Time Complexity: Diameter of Binary Tree
O(n)
0
0
Diameter of Binary Tree in DSA Go - Time & Space Complexity
Understanding Time Complexity
We want to understand how the time needed to find the diameter of a binary tree changes as the tree grows.
The question is: how does the number of steps grow when the tree has more nodes?
Scenario Under Consideration
Analyze the time complexity of the following code snippet.
func diameterOfBinaryTree(root *TreeNode) int {
maxDiameter := 0
var depth func(node *TreeNode) int
depth = func(node *TreeNode) int {
if node == nil {
return 0
}
left := depth(node.Left)
right := depth(node.Right)
if left+right > maxDiameter {
maxDiameter = left + right
}
if left > right {
return left + 1
}
return right + 1
}
depth(root)
return maxDiameter
}
This code finds the longest path between any two nodes in a binary tree by calculating depths recursively.
Identify Repeating Operations
- Primary operation: Recursive calls to visit each node once.
- How many times: Each node is visited exactly one time.
How Execution Grows With Input
As the number of nodes (n) increases, the function visits each node once to calculate depths.
| Input Size (n) | Approx.
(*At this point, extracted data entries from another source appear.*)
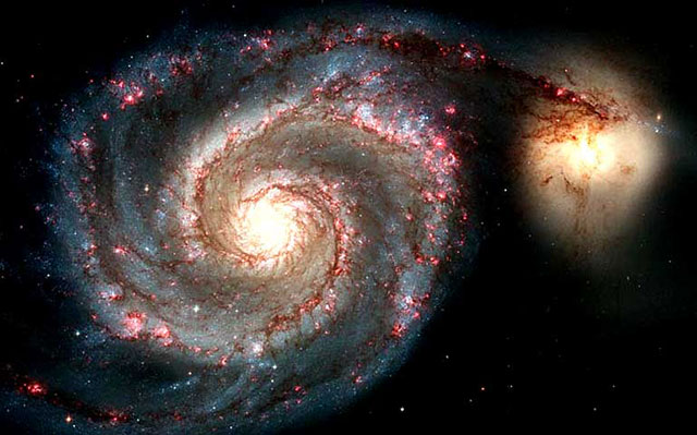 Nearby, there are 20 large galaxies that together make a cluster. The largest and most prominent of these is called the Andromeda Galaxy, more than 2 million light years away. What we see of this galaxy in the sky is, therefore, what it looked like 2 million years ago!
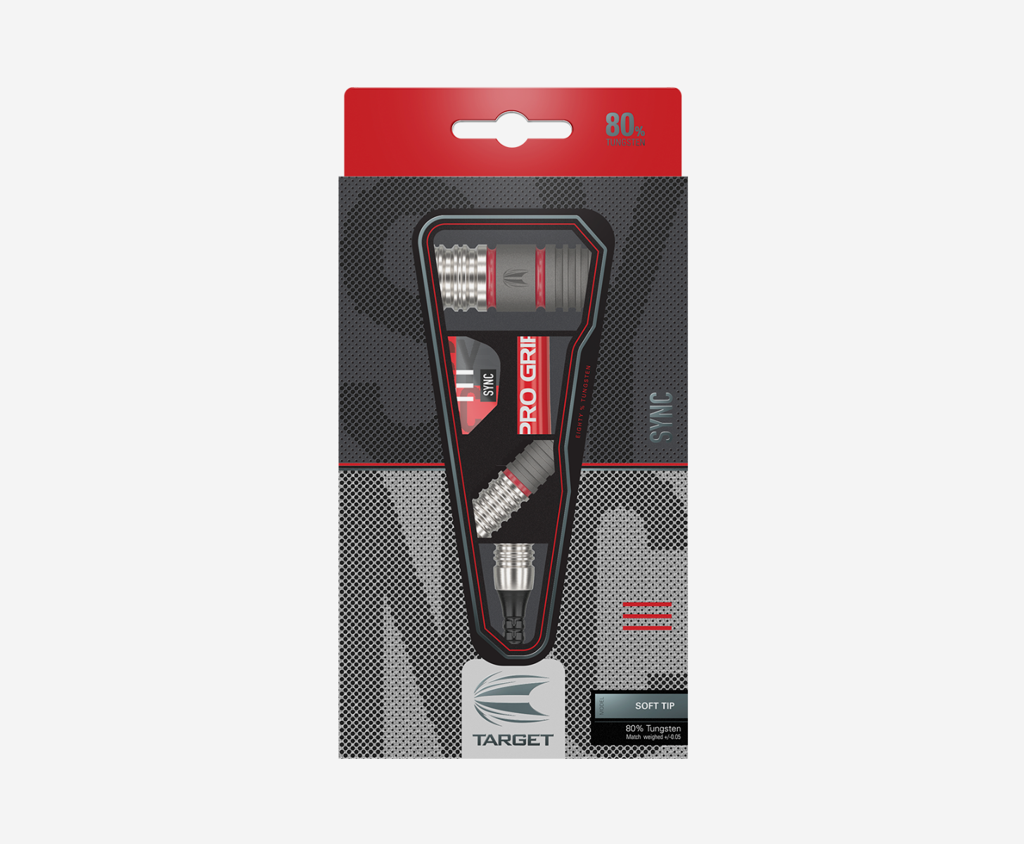 The darts are completed with a Red Pro Grip Shaft and exclusive Sync flight designs.
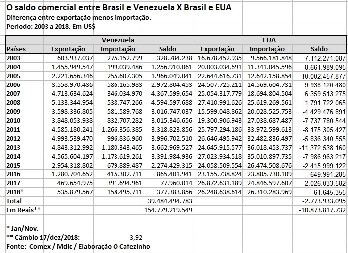 Eu fui ao site da Secretaria de Comércio Exterior, e levantei o comércio entre Brasil e Venezuela de 2003 a 2018, e, para efeito de comparação, também levantei o comércio entre Brasil e EUA.

Operations |
|---|---|
| 10 | About 10 recursive calls |
| 100 | About 100 recursive calls |
| 1000 | About 1000 recursive calls |
Pattern observation: The number of operations grows roughly in direct proportion to the number of nodes.
Final Time Complexity
Time Complexity: O(n)
This means the time to find the diameter grows linearly with the number of nodes in the tree.
Common Mistake
[X] Wrong: "The function visits nodes multiple times, so time is more than linear."
[OK] Correct: Each node is visited once during the depth calculation, so the total work is proportional to the number of nodes.
Interview Connect
Understanding this linear time complexity helps you explain efficient tree traversal and recursion in interviews confidently.
Self-Check
"What if the tree was skewed (like a linked list)? How would the time complexity change?"